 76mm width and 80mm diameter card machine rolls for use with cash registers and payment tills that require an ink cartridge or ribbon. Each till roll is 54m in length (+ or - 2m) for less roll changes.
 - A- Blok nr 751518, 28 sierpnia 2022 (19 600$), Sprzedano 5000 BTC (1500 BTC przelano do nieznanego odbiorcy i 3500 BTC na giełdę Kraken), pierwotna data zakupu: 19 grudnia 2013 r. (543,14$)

------------------------

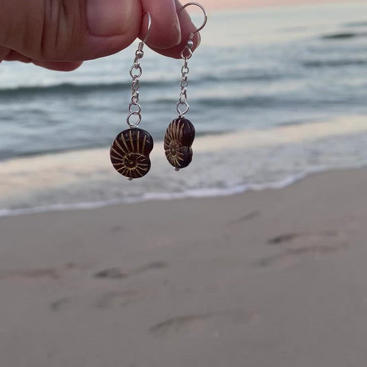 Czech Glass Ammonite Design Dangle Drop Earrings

------------------------

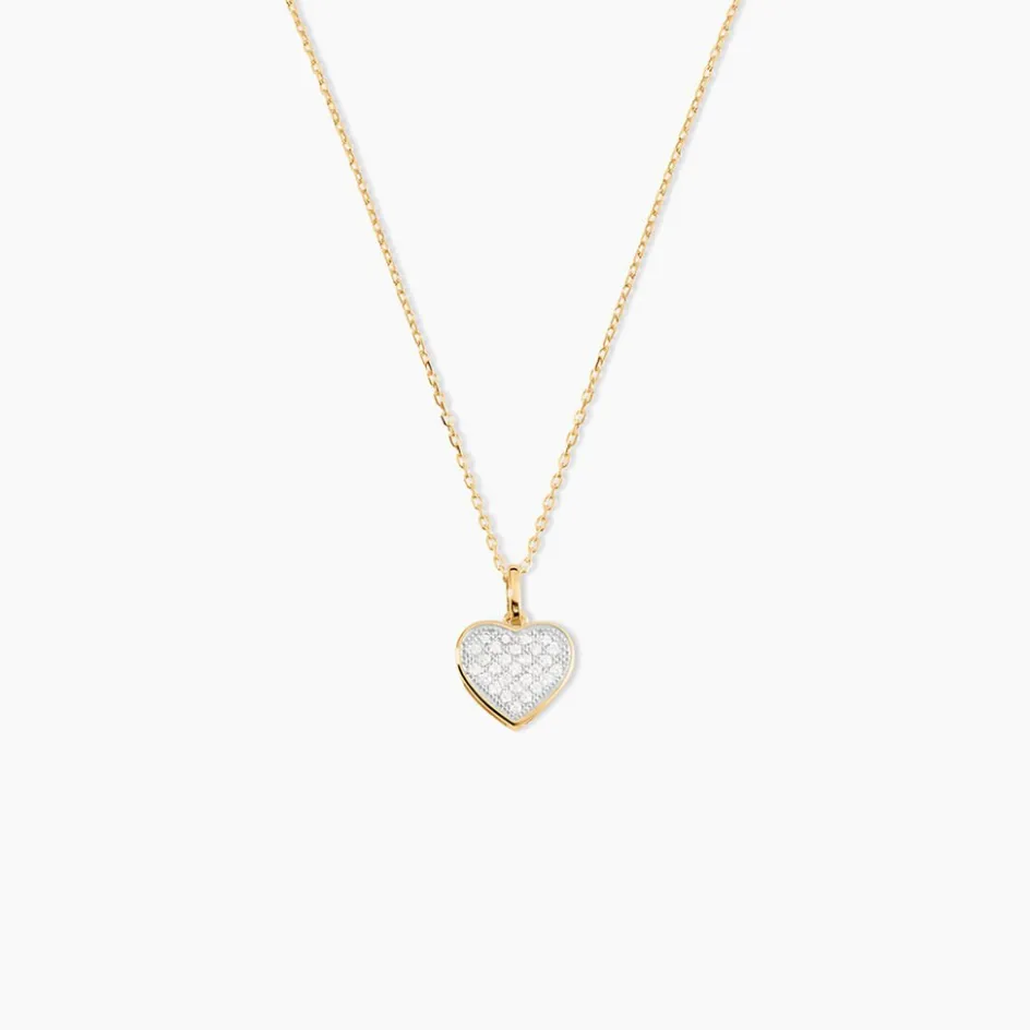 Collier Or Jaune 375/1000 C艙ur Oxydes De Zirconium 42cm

------------------------

**Work to be completed:**
Taking the lines above, repeat exactly those from the line that contains "76mm width and" through the line that contains "- A- Blok nr", and both of those lines as well. Include nothing else.

**Solution to this exercise:**
 76mm width and 80mm diameter card machine rolls for use with cash registers and payment tills that require an ink cartridge or ribbon. Each till roll is 54m in length (+ or - 2m) for less roll changes.
 - A- Blok nr 751518, 28 sierpnia 2022 (19 600$), Sprzedano 5000 BTC (1500 BTC przelano do nieznanego odbiorcy i 3500 BTC na giełdę Kraken), pierwotna data zakupu: 19 grudnia 2013 r. (543,14$)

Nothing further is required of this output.